Estimation of delays between two or more spatially separated sensors is necessary in many applications especially those involving speed or time of flight measurements.
We can equate constant delay between two signals as filtering with an all-pass filter. At the same time any all-pass filter has a rational structure. Therefore, estimating a delay becomes an issue of estimating the linearised all-pass filter.
To allow for time-varying delays we assume the delay is constant within a local region. At the central sample estimate a local all-pass filter and extract the delay. Sliding the window by one sample allows a per sample delay to be estimated using the local all-pass (LAP) filter framework.
For an ensemble of signals with the same delay between each consecutive pair of signals we can estimate a common LAP (CLAP) filter. To allow estimation of both small and large and slowly and quickly varying delays the multiscale CLAP uses an iterative framework starting with large filters estimating the delay, aligning the signals and then repeating with a smaller filter [1].
The multiscale CLAP has been shown to successfully track time-varying delays better than alternative methods based on the coherence of the signals.
Estimation error for a sinusoidal delay.
Code
Delay estimation code can be found here: LAP_DelayEstimation This code contains the several implementations of the LAP framework and a signal generation function which has a number of different delay functions.
References
Time-Varying Delay Estimation Using Common Local All-Pass Filters with Application to Surface Electromyography
C. Gilliam, A. Bingham, T. Blu, and B. Jelfs
In Proc. IEEE International Conference on Acoustics, Speech and Signal Processing, 2018, pp. 841–845.

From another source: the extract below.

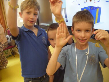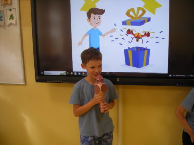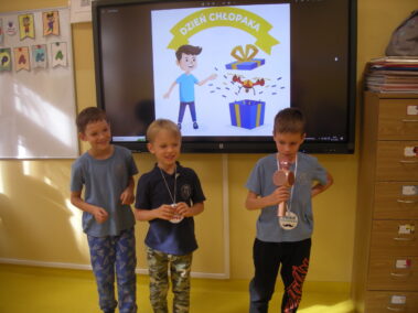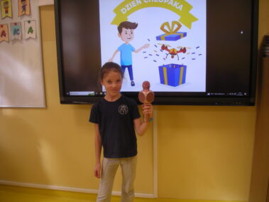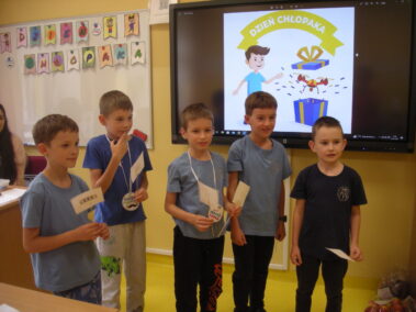 Wielką niespodziankę sprawiły dziewczynki i rodzice z klasy II swoim kolegom z okazji Dnia Chłopaka. W tym dniu dziewczynki oprócz tradycyjnych życzeń wręczyły kolegom prezenty w postaci świecących breloczków oraz odznak Super Chłopaków. Na chłopców czekały też w sali owocowe jeżyki. Dziewczynki przygotowały także dla swoich kolegów bardzo ciekawe, choć niełatwe konkurencje. Obchody Dnia Chłopaka w klasie drugiej stały się doskonałą okazją do integracji zespołu oraz wspólnej zabawy.

Estimation of conduction velocity (CV) is an important task in the analysis of surface electromyography (sEMG). The problem can be framed as estimation of a time-varying delay (TVD) between electrode recordings. In this paper we present an algorithm which incorporates information from multiple electrodes into a single TVD estimation. The algorithm uses a common all-pass filter to relate two groups of signals at a local level. We also address a current limitation of CV estimators by providing an automated way of identifying the innervation zone from a set of electrode recordings, thus allowing incorporation of the entire array into the estimation. We validate the algorithm on both synthetic and real sEMG data with results showing the proposed algorithm is both robust and accurate.